Fig. 3 audio bridge amplifier

If a power output stage has larger output currents and output voltages output transistors, the end transistors face great challenges. You should be right away Can withstand large currents and voltages without the transistor properties to deteriorate. Since such requirements are difficult to achieve, there is e.g. Legs Possibility to use the bridge circuit to transfer the voltage to the final transi to cut in half.

Because of the high output common mode rejection is an extremely high attenuation factor can be reached in the heights.

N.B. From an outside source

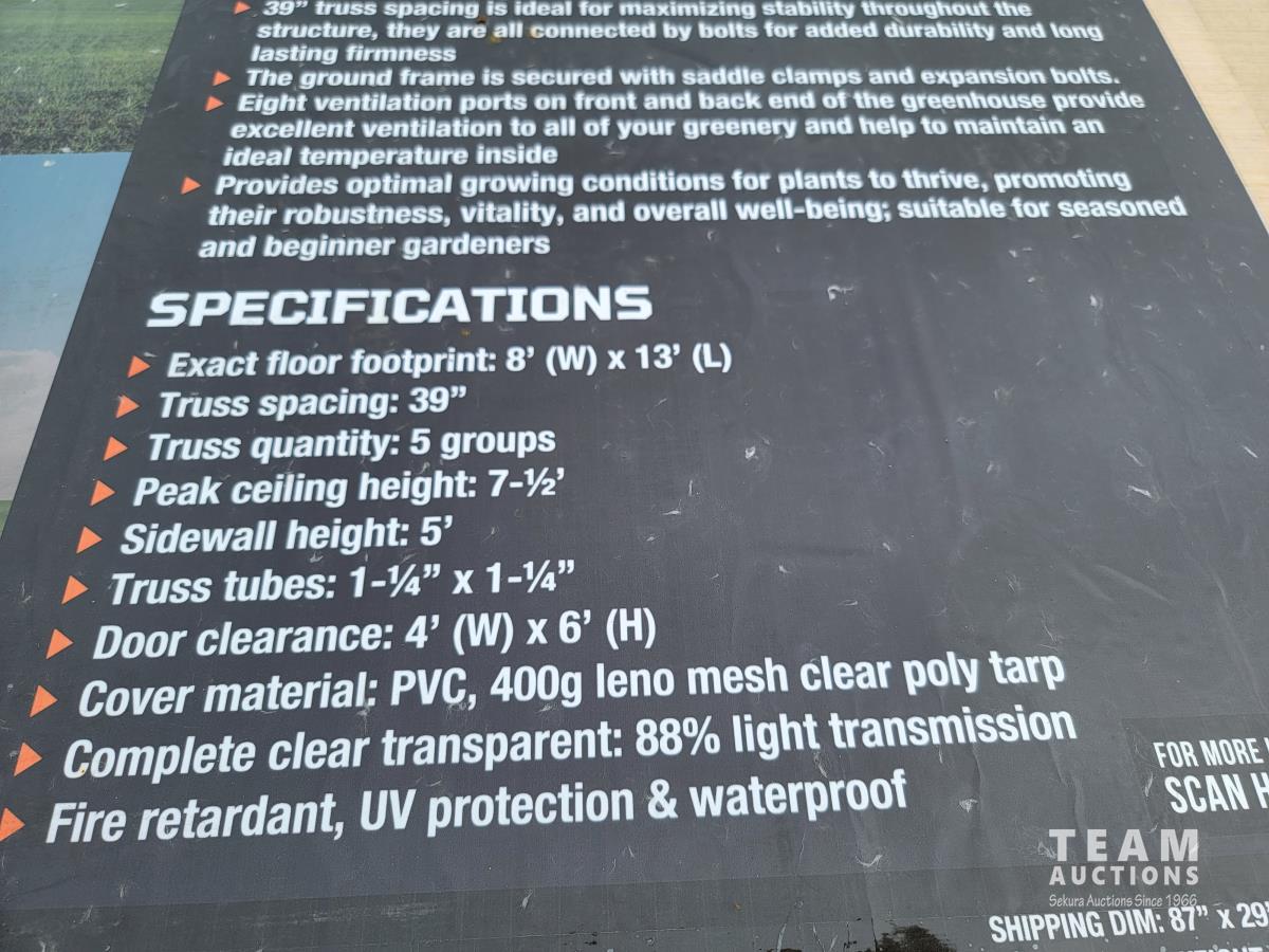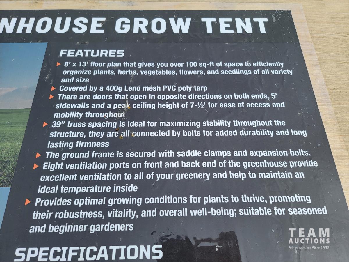 1733 TMG Industrial TMG-GH813 8 Ft X 13 Ft Greenhouse Grow Tent (Unused)

Fig. 4 Symmetrical signal transmission

The amplifier V1 works as a phase inversion circuit, ie as a "line driver". He gives balanced signals to the line. Given the relatively long length of the lines it is recommended to amplify the signal and common mode interference signals in the lines to suppress. This is the task of amplifier V2. As a recipient at the end of the The line serves the amplifier V3, which works as a differential amplifier and a two-phase Output signal delivers.

Claims (1)

The polarity-independent differential amplifier is a differential amplifier with symmetrical outputs, in which the phase shifts of the two output signals to the input signal, which is fed in only on one of the two inputs (when the other is on the ground), are as identical as possible and whose circuit arrangement is characterized by

• a) that each arbitrarily selected transistor of the circuit diagram has its complementary transistor, which is operated in the same static and dynamic operating point,
• b) that the signal paths from each input (while the other lies on ground) to the desired output - on which the signal is passed on - are theoretically identical to one another,
• c) that no matter how many amplifier stages are DC-coupled in series, the output zero point error of the last stage remains the same.